L’antidoto al fragilista è l’antifragilista.
Dietro a questa conclusione sta una costruzione teorica che
Taleb spiega in un libro appena pubblicato in America da Random House,
Antifragile. Things that Gain from Disorder («Antifragile. Cose che dal
disordine ci guadagnano»). Non è un’interpretazione della realtà nuovissima,
però oggi è una sfida aperta al pensiero dominante.
...... nel 2007 scrisse un libro di successo mondiale, The Black Swan
(«Il cigno nero»), sull’impatto dell’altamente improbabile. Ed è proprio da qui
che si deve partire per capire che cosa ci dice oggi.
Il cigno nero è un evento non prevedibile. Come
un’improvvisa crisi finanziaria o uno tsunami.

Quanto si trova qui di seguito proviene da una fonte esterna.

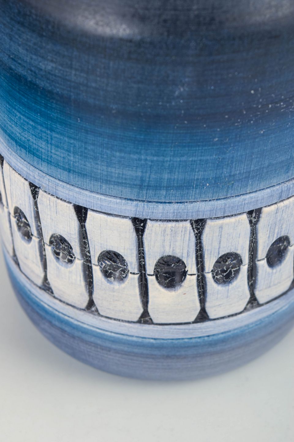 Cylindrisk vase i drejet stentøj med blå glasur i nuancer fra dyb kobolt til lysere blå toner, dekoreret med et grafisk bånd i sort og hvidt. Original mærkat under bunden.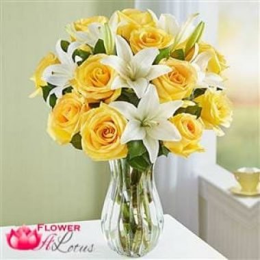 Yellow Roses N Lilies Basket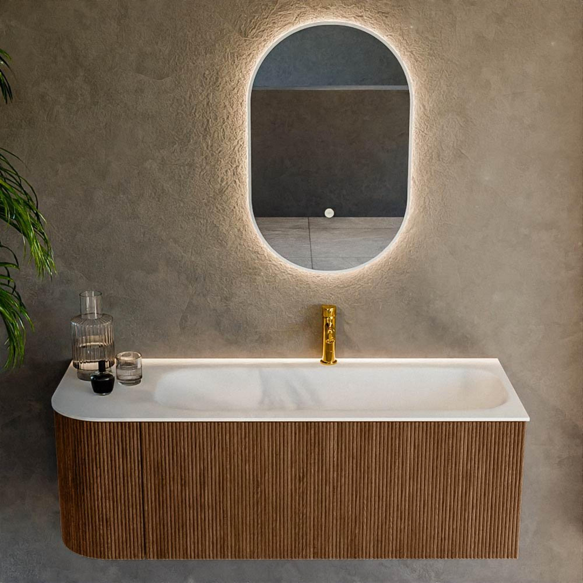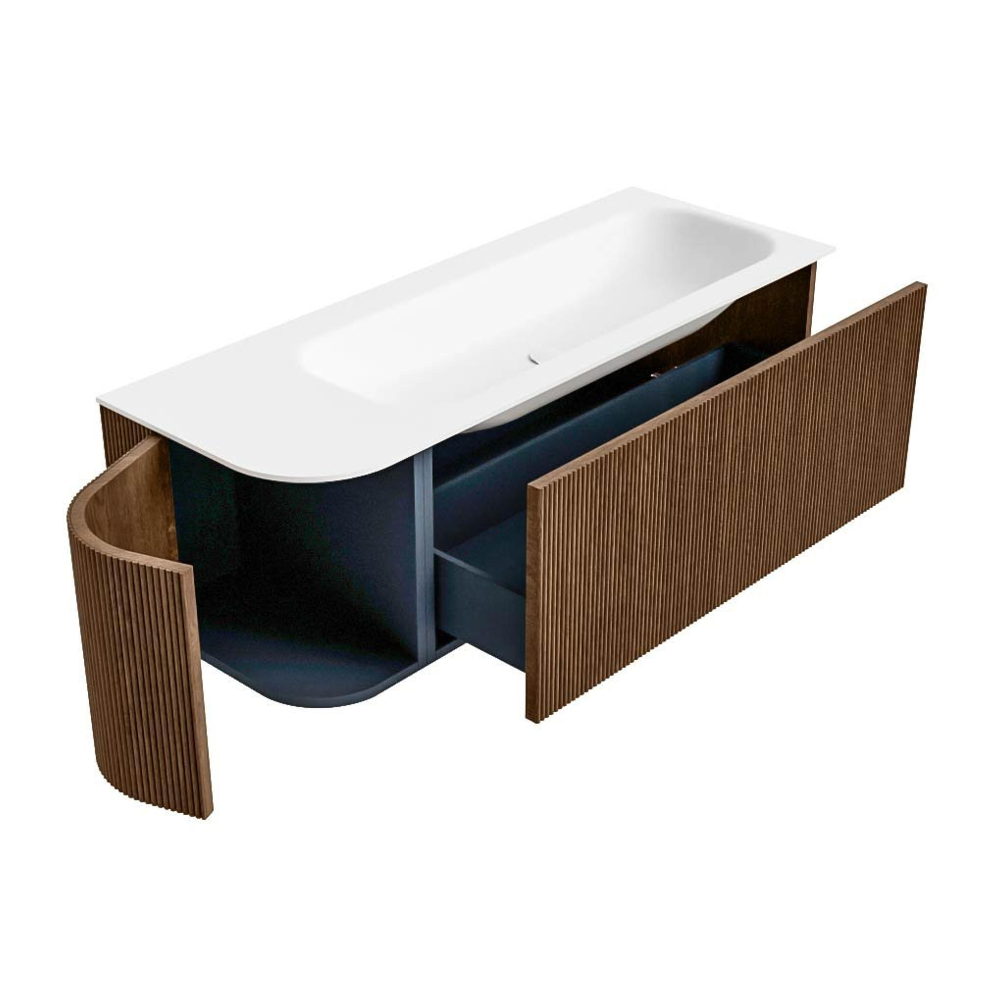 Het ultieme badmeubel dat je badkamer transformeert tot een oase van verfijning. Met zijn halfronde, verticale stroken van massief eiken, verkrijgbaar in de kleuren Oak en Walnut, straalt KURVE vakmanschap uit in elk detail. De zachte rondingen en slim ontworpen deurtjes, elk 40cm hoog, nodigen uit tot gebruik, terwijl de ruimte binnenin optimaal benut wordt dankzij de royale lade van dezelfde hoogte.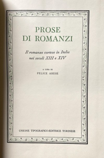 PROSE DI ROMANZI. IL ROMANZO CORTESE IN ITALIA NEI SECOLI XIII E XIV. A CURA DI FELICE ARESE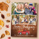 Rustic Wood Fun Calligraphy Script Watercolor Vintage Red Truck with Pumpkins and Autumn Leaves - Happy Thanksgiving 4 Photo Postcard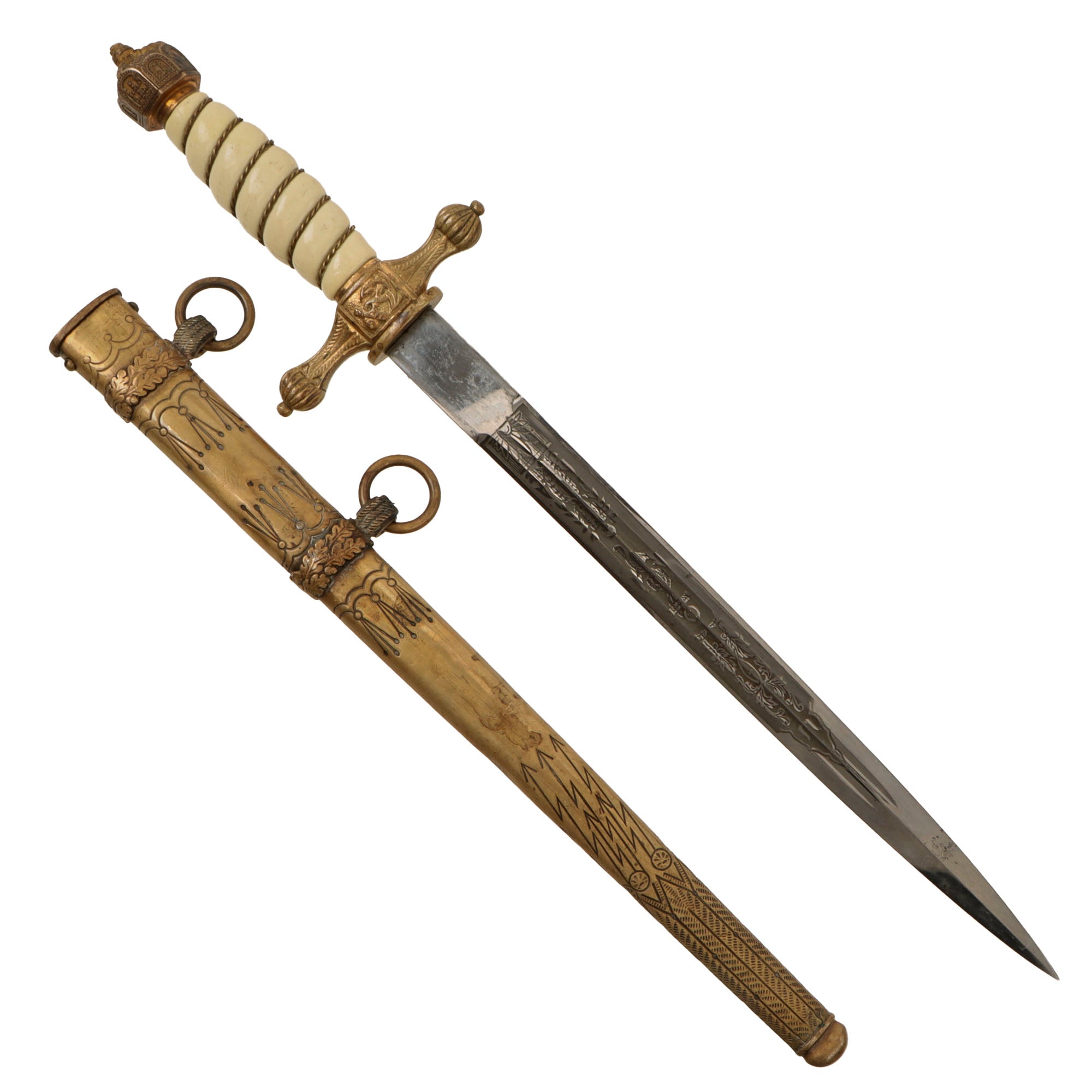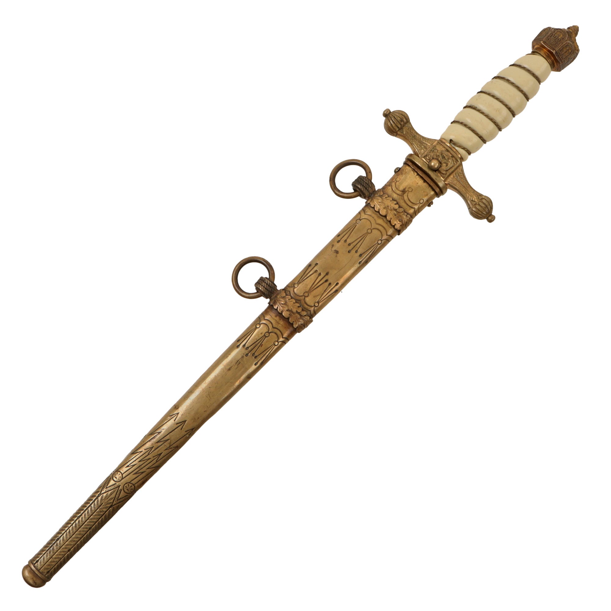 Original Item: Only One Available. This is a fine Solingen-Produced totally original WWII German 2nd Model Naval Dagger by the legendary firm Carl Eickhorn, complete with the original gold-plated "lightning bolt" style brass scabbard. This is a very nice example, showing light wear to the scabbard and blade, and it has a lovely "been there" look to it! This example also has an Imperial Crown pommel which appears to have been added to the dagger during the period. It is very understandable why a Kaiserliche Marine Officer who had served during World War I would want to keep the Imperial Crown on his dagger’s pommel. It’s well-known that members of the Kriegsmarine had much less respect for AH than the Army and Luftwaffe. It could also be that after the war, he took the pommel off and replaced it with the crown during the denazification process.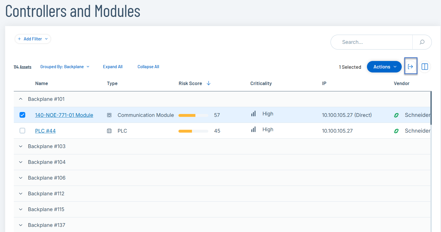 Remarque : lorsque vous modifiez des segments réseau en bloc, filtrez d'abord vos assets par type, puis sélectionnez les assets que vous souhaitez modifier en bloc. Les assets avec plusieurs adresses IP ne peuvent pas être inclus dans une modification en bloc pour les segments réseau ; vous devez modifier chaque asset manuellement.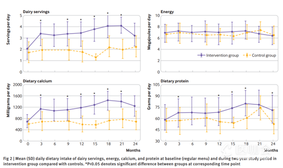 研究开始后,干预组每天会额外多摄入250mL牛奶+20g奶酪(或100g酸奶),这些可以提供562mg钙和12g蛋白质。因此,干预组每天的总钙和蛋白质摄入量分别为1142mg和69g,而对照组为700mg和58g。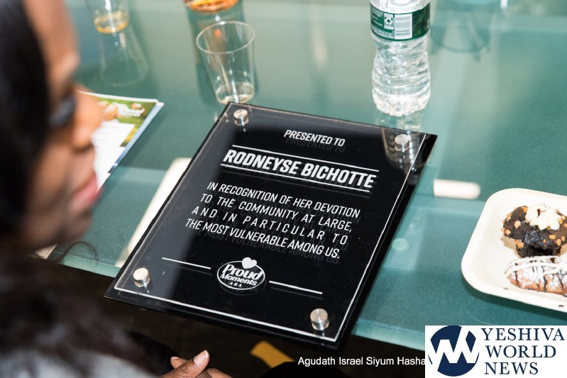 Speaking at Proud Moments’ Boro Park offices, Agudah board of trustees’ member Chaskel Bennett, described Proud Moments as the “best of the best,” and thanked the Rubin and Goldfeder families for their partnership in The Siyum. Agudah Executive Vice President Rabbi Chaim Dovid Zwiebel lauded Proud Moments as a role model for other community businesses and described the Siyum HaShas as a bridge that unites Klal Yisroel in every corner of the world and from all backgrounds. That theme was echoed in Rabbi Zwiebel’s remarks praising New York State Assemblywoman Rodneyse Bichotte, a member of the Assembly’s health committee, who has spent her time in office building bridges between communities, who was awarded a plaque in recognition of her exemplary devotion to the community and its special needs children by Proud Moments CEO Eli Rubin. Accepting the award, Assemblywoman Bichotte spoke briefly about the common bond shared by people of faith who raise their children with similar values, noting that those principles are actually Torah based.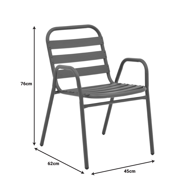 - Σταθερός σκελετός από μέταλλο εξαιρετικής ποιότητας με αντοχή σε φθορά και χρόνο, ενώ τα κομμάτια έδρας και πλάτης είναι κατασκευασμένα από φέτες αλουμινίου. Το μέταλλο παρέχει ανθεκτικότητα και σταθερότητα, ενώ οι φέτες αλουμινίου προσθέτουν ελαφρότητα και μια μοντέρνα αίσθηση στον σχεδιασμό. Η καρέκλα αυτή είναι ιδανική για χρήση σε εξωτερικούς χώρους, καθώς η ανθεκτικότητα στις καιρικές συνθήκες του αλουμινίου την καθιστά ανθεκτική σε έκθεση στον ήλιο και την υγρασία.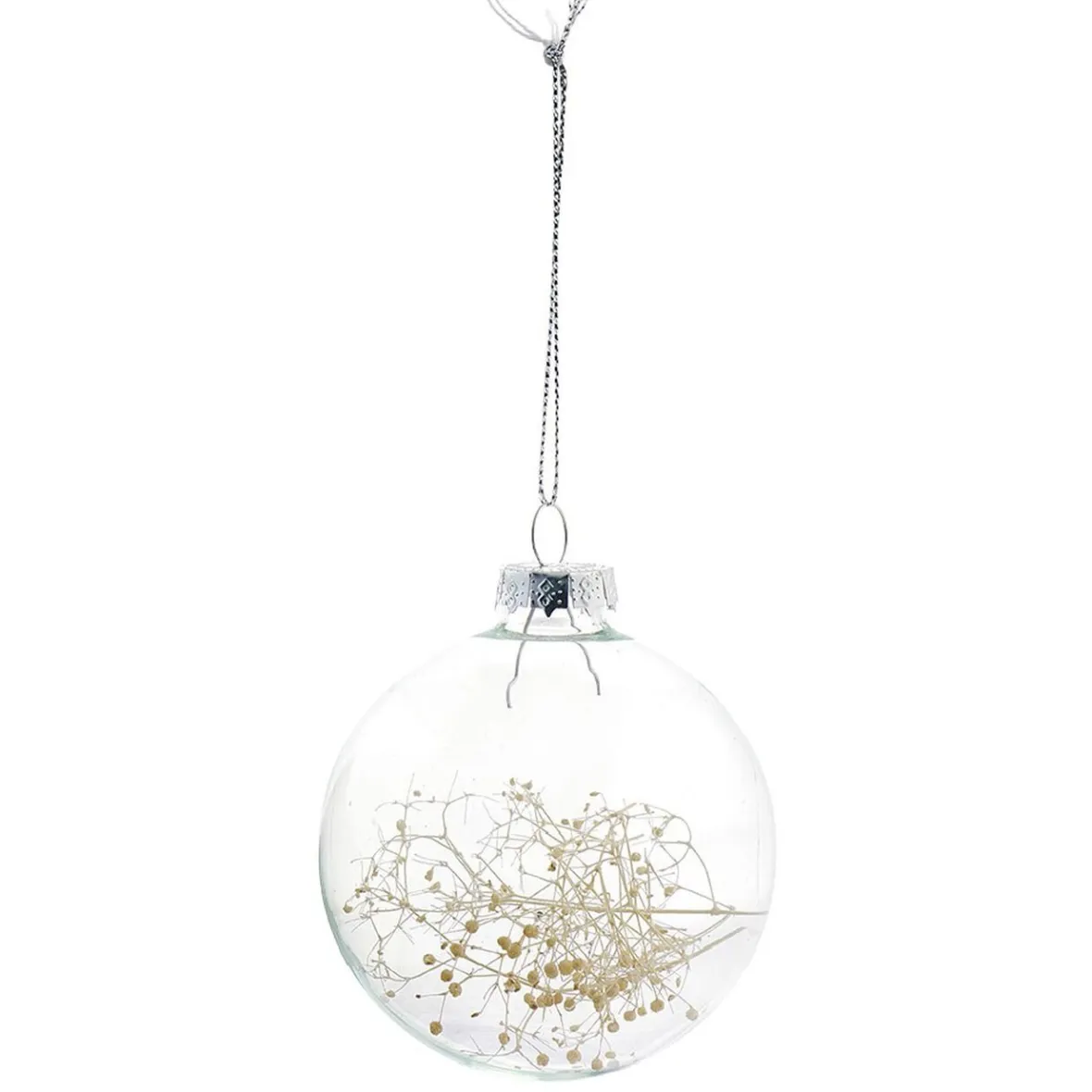 Jolie boule de Noël en verre garnie de feuilles séchées.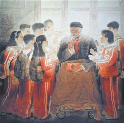 刘文辉的红色主旋律作品《初心》(图1),生动描绘了一群小学生听老爷爷讲革命故事的情景。画面的构图,以围坐聆听的形式,营造出老少互动的亲切场景,自然且富有生活气息,将观者迅速带入特定情境。作品笔法细腻,无论是老人脸上的皱纹,还是孩子们纯真专注的神情,都刻画入微,尽显工笔之精妙。作品以红色为基调,渲染出温馨氛围,生动诠释了红色基因代代相传的初心主题。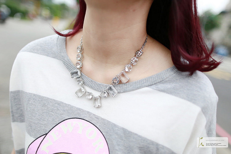 飾品就用比較精緻感的水晶項鍊來平衡一下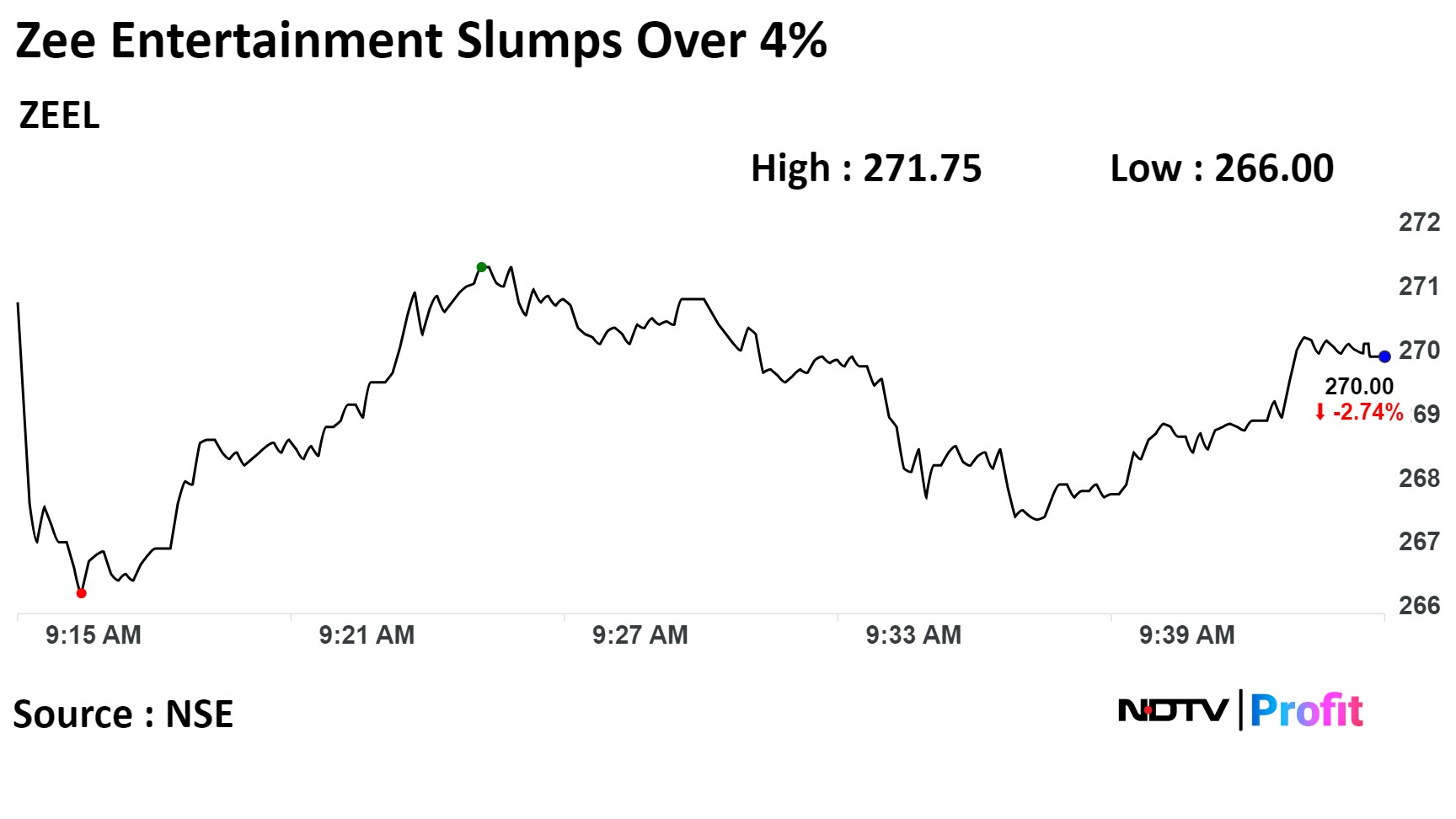 Zee's stock fell as much as 4.18% in early trade to Rs 266.00 apiece on the NSE. It was trading 2.76% lower at Rs 269.95 apiece compared to a 0.09% decline in the benchmark Nifty 50 as of 9:35 a.m.
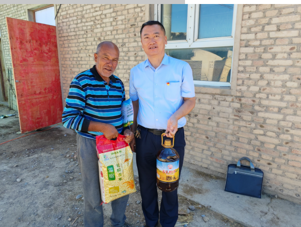 古尔邦节来临之际,为进一步做好节前走访慰问困难群众工作。6月15日,后盾单位阿克苏塔里木农商银行入户走访辖区困难群众54户,为他们送去米、面、油以及诚挚的节日祝福。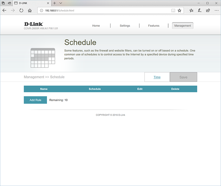 All in all, I found D-Link's web configuration interface to be clean and simple looking, which is good. The layout and graphics are basic with nothing distracting. All options are organized logically, and I never had an issue finding a certain setting that I want. However, the available features are primitive even for a consumer-focused product compared to competing offerings from Linksys and TP-Link. Furthermore, features such as scheduling are not intuitive to use, which is ironic considering how simple the user interface is. I am happy there is no requirement to install an app on my phone or have internet access to make the Covr operational, but the company really has a lot of work to do to bring their web interface up to 2017 standards.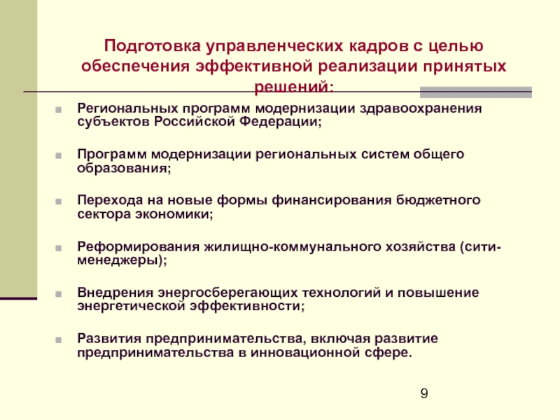 Слайд 8Программа подготовки управленческих кадров как один из инструментов построения инновационной экономики

Le crisi finanziarie e gli
tsunami, come ogni cigno nero, ci fanno però male non perché non siamo capaci
di prevederli. Ma perché il pensiero dominante — e dunque le politiche
pubbliche come le scelte individuali — è dominato dai fragilisti, cioè da
coloro che credono di potere dominare la realtà e i rischi perché hanno
studiato a Harvard o perché il partito comunista li ha messi al potere nella
Mosca sovietica. Cosa fanno i fragilisti? Vedono le fragilità del mondo e
cercano di irrobustire i punti deboli, cercano di prevedere e anticipare,
costruiscono muri. Ma quando arriva il non previsto, il non atteso, rimangono esposti
senza ombrello. Da questo punto di vista, per dire, pretendere che gli
economisti prevedano le crisi o i sismologi ogni terremoto è non solo
un’illusione harvardiano- sovietica, è soprattutto un errore grave.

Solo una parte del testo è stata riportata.